Thursday, April 17, 2003

Gathering the Scraps, Part Two

"If we understood the value of Sumerian cuneiform tablets to our past, as we do with oil getting us somewhere in our cars, I don't think this would have happened," Gary Vikan, who just resigned as one of Bush's cultural advisors. (He's also director of the Walters Art Gallery in Baltimore.)

Yes, two of Bush's top cultural advisors have resigned over the looting of the museums. We promised to protect the cultural heritage of the place where civilization began, but we didn't. Instead, it seems professional art thieves were standing in line in Baghdad to get their hands on the solid-gold harp, the Code of Hammurabi, and the ivory figurines that are among the missing treasures.

Here are some photos of the murdered museum.
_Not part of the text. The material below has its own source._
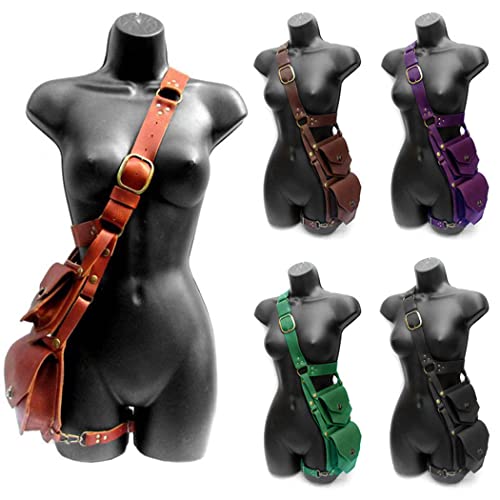 CZLABL Steampunk Gothic Leather Double Holster Bag, Vintage Antique Belt Pocket Cosplay Costume Viking Style Satchel da donna, Zaino per sport all'aria, Regalo, Verde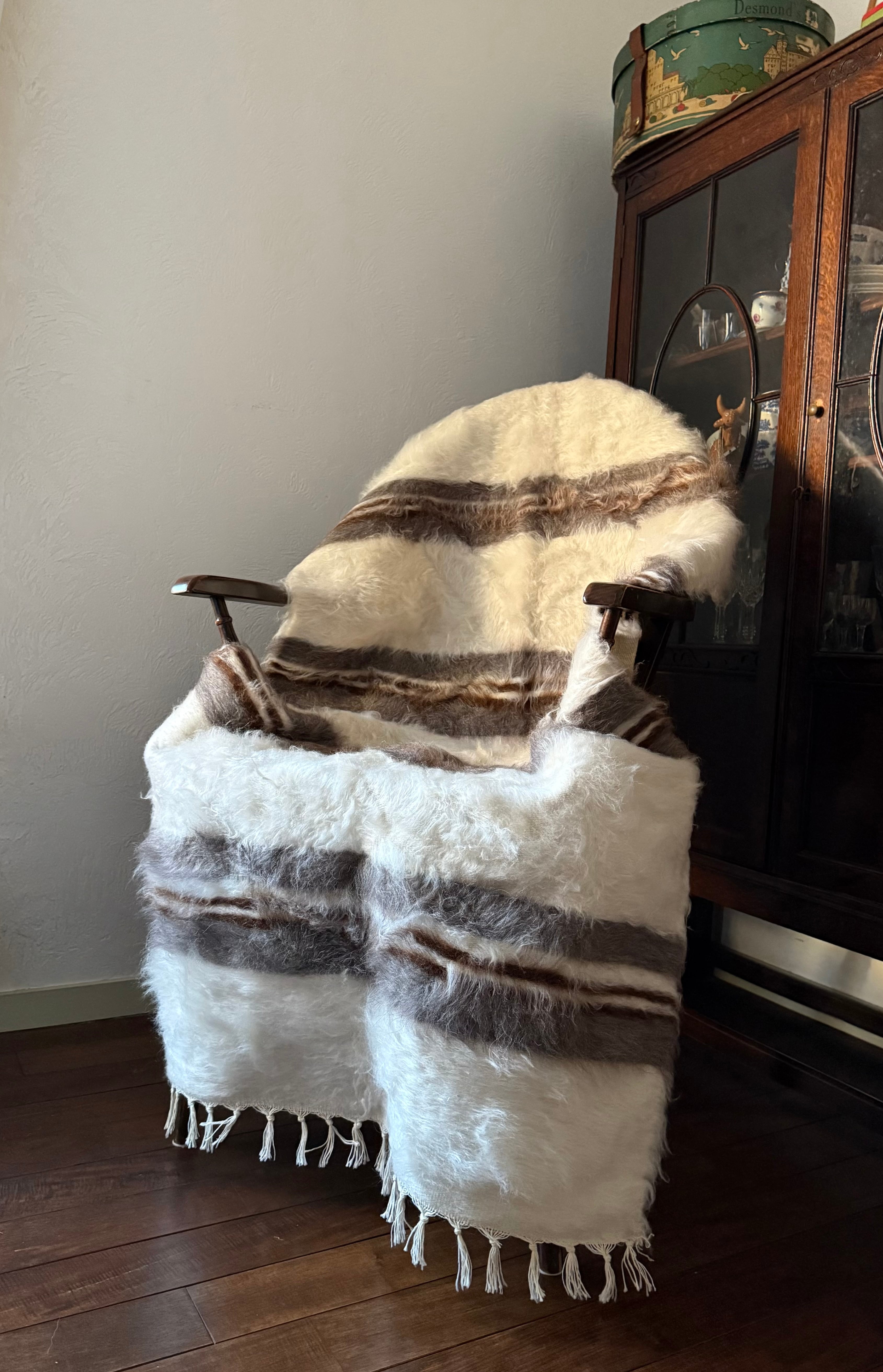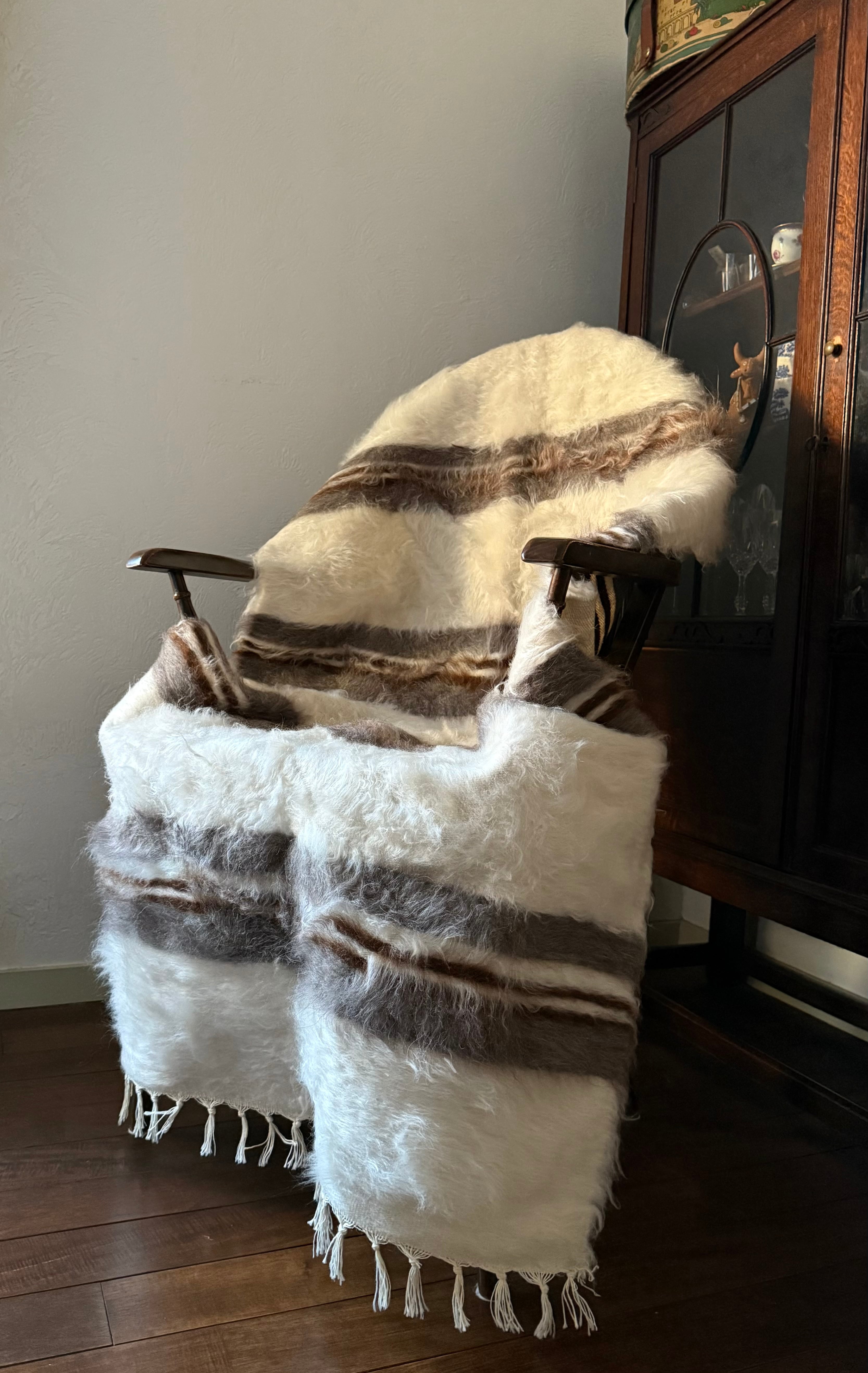 バッターニエは、アンゴラ山羊の毛で織られています。羊やウサギの毛などより、ハリがあり、艶があります。薄着や肌着で座るとほんの少しちくちく感を感じる方がいらっしゃるかもしれません。(また、山羊が座っていた藁やおがくず、木の繊維が毛の中に入っていることがよくあります)

The BBC has covered the issue in detail, including the Pentagon's admission that they hadn't even bothered to prepare to protect the antiquities. The commentary discusses why these artifacts (spelled "artefacts" by our British friends) are important.

Yesterday I quoted from a takeoff of Beowulf. Do you know why we even have Beowulf? The only known manuscript survived a disastrous fire at the aptly named Ashburnham House. Much else was lost.

Our cultural treasures embody powerful ideas, but all too often they are fragile to the touch. We need to protect them at every level: guarding the grand museum collections from armed mobs, defending the writers and sellers of dangerous works from censorship, arrest, and death.